Additionally, for many infectious threats, such as botulism and smallpox, pregnant women should receive the same prophylaxis and treatment as the general population (Arnon et al., 2001; Meaney–Delman et al., 2014; Petersen et al., 2015). However, because pregnant women and their healthcare providers often overestimate the harms of medication use during pregnancy to the fetus, this can lead to reluctance to use necessary and lifesaving MCMs (Sanz et al., 2001; Cono et al., 2006). For this reason, even when guidance for pregnant women is no different than guidance for the general population, it should be clearly communicated that pregnant women receive the same interventions as the general population.
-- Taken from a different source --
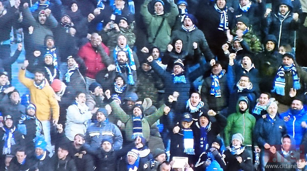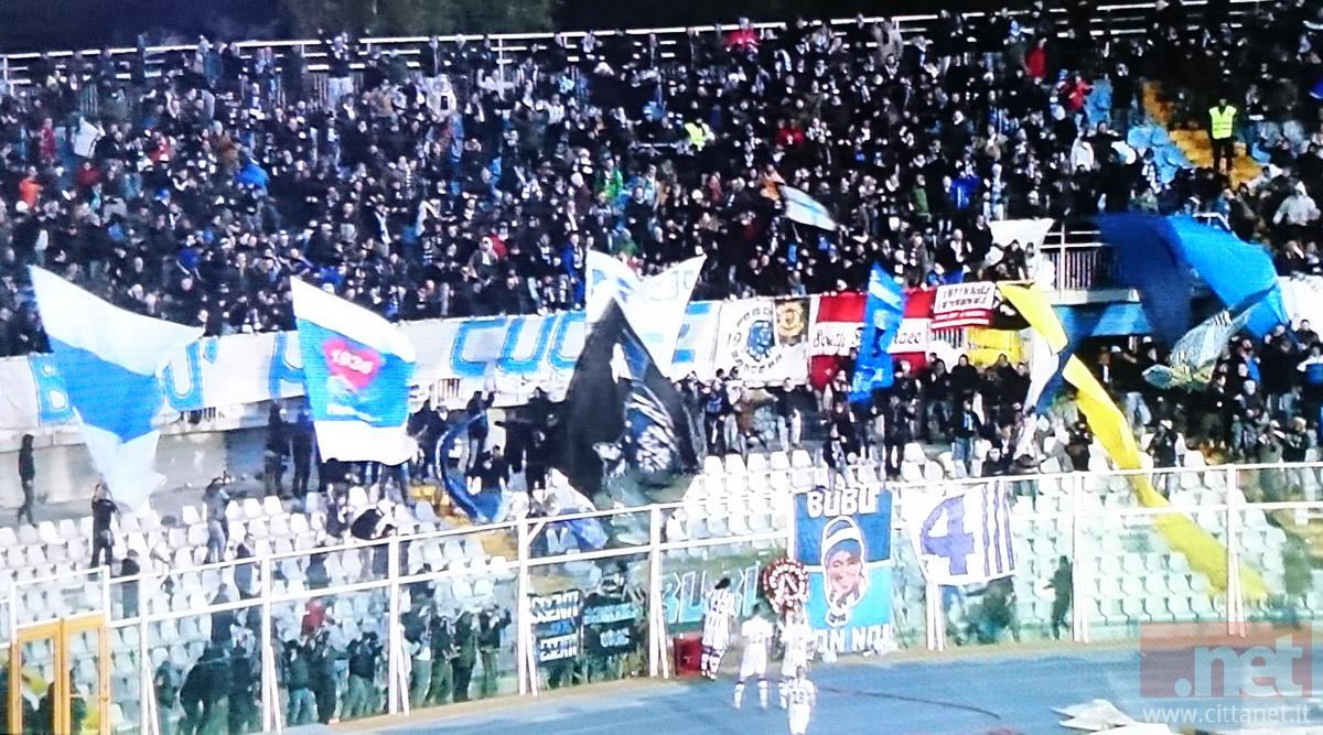 Nel giorno dedicato alla commemorazione della scomparsa di Marco Mazza, splendida coreografia in curva, deposto anche un mazzo di fiori dal capitano biancoazzurro.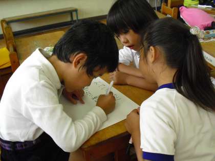 後期が始まり、自分たちのクラスをより良くするための活動を考えています。2年生のクラスでは、係活動のカードを作っていました。自分の仕事をはっきりとさせて取り組むために、また、だれがどんな仕事をするのかを知らせるためにもカードは大切です。字の大きさや色、文字を書く場所など、2年生なりにいろいろ意見を出し合って考えているので感心しました。

It is essential that preparedness planning for biological threat agents incorporate special considerations for pregnant women. Several interrelated planning components have been proposed in the literature to ensure critical information about the effects of both the threat and the MCMs on pregnant women is captured during a public health emergency. The components proposed are: (1) generic protocols to conduct research with human subjects approval that includes pregnant women; (2) a network of obstetric and pediatric experts; and (3) funding specific to pregnant women (Faherty et al., 2017). As biological threats are increasingly recognized as a public health threat and new MCMs are researched, developed, procured, and stockpiled, the needs of pregnant women must be considered in preparedness planning.
Disclaimer:
The findings and conclusion in this report are those of the authors and do not necessarily represent the official position of the Centers for Disease Control and Prevention.